The Item-manifesto of his casual symbiosis with the city, it is the MSGM T-shirt "I thought It was love but instead it was Milan". Then there are two political-fashion shots that have occupied the pages of newspapers and the talk of Milanese salons: the photo posted on the occasion of the gay pride with rainbow socks (a political statement that was not taken for granted in the Salvini's era). The post is coupled with the photo-celebration for the assignment of the 2026 Olympics, in which the mayor's smile with an impeccable James-Jebbia-kinda polo shirt, he smiles slyly with the success of the Milan-catch-all. A perfect example of Beppe's most personal style is the recent post with the accessory that has become the yardstick for a man's past 35 success: the clock. That of the mayor, immortalized by plane to Barcelona is a Polycarbon D1 Milano: minimal (and cheap) model to avoid backlash on social media.
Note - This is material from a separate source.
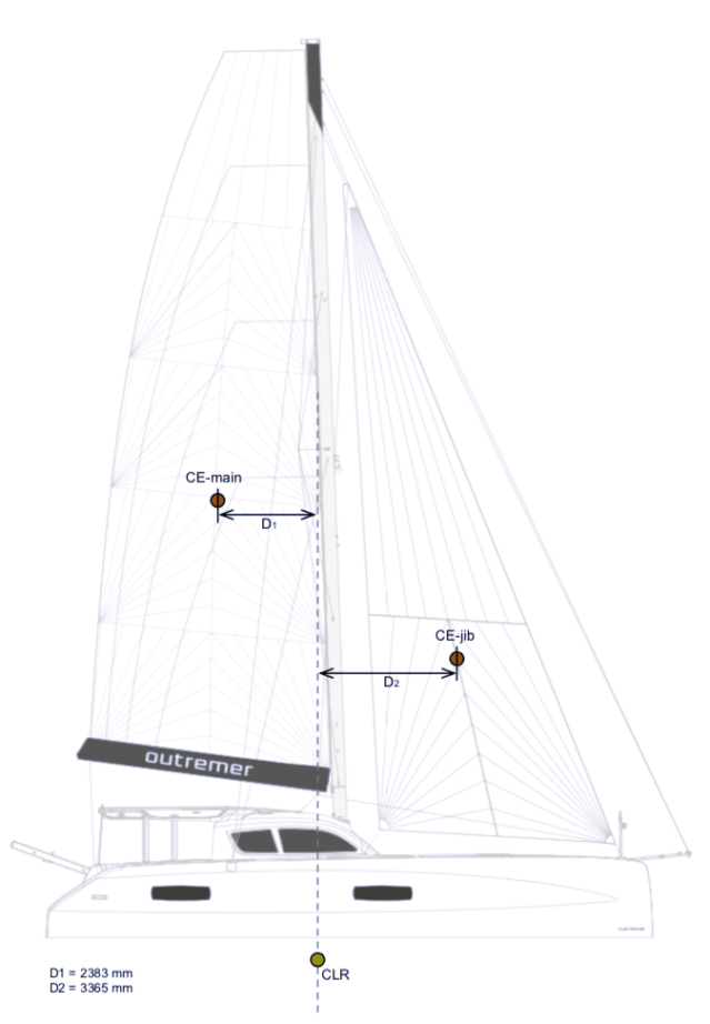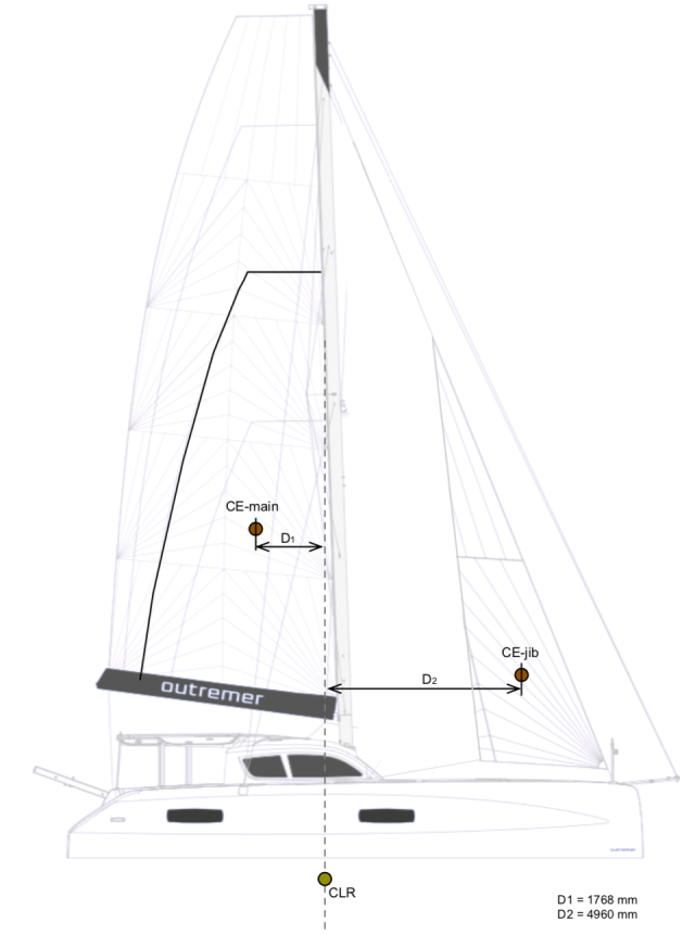 Full mainsail and jib on a balanced rig. Locations and distances on this diagram are my own estimates, taken from a scaled drawing. This data is not provided by, or endorsed by Outremer, I’m just trying illustrate the point.

Recently the mayor cut the inauguration ribbon of Uniqlo - temple of minimal and elegant style - in Cordusio wearing a kimono made by the Japanese brand for the occasion and also when he plays soccer, the Mayor chooses the right shirt: third kit England of Umbro, a nostalgic yet stylish sweater. His formal work suit betrays the fact that he spent more time in the meeting rooms than between the town halls and the Parliament: slim tailored cuts with a City Life skyscraper, a white shirt with a non-intrusive collar and a narrow tie. Nothing to do with Berlusconi's double breasts, excessive ties of 5 stelle parvenus, Renzi's ostentatious youth or Salvini's uniforms. But it's the style outside Palazzo Marino to tell who the mayor is, like when he posted a photo in Formentera with Ghali wearing nike running that are only found in outlets.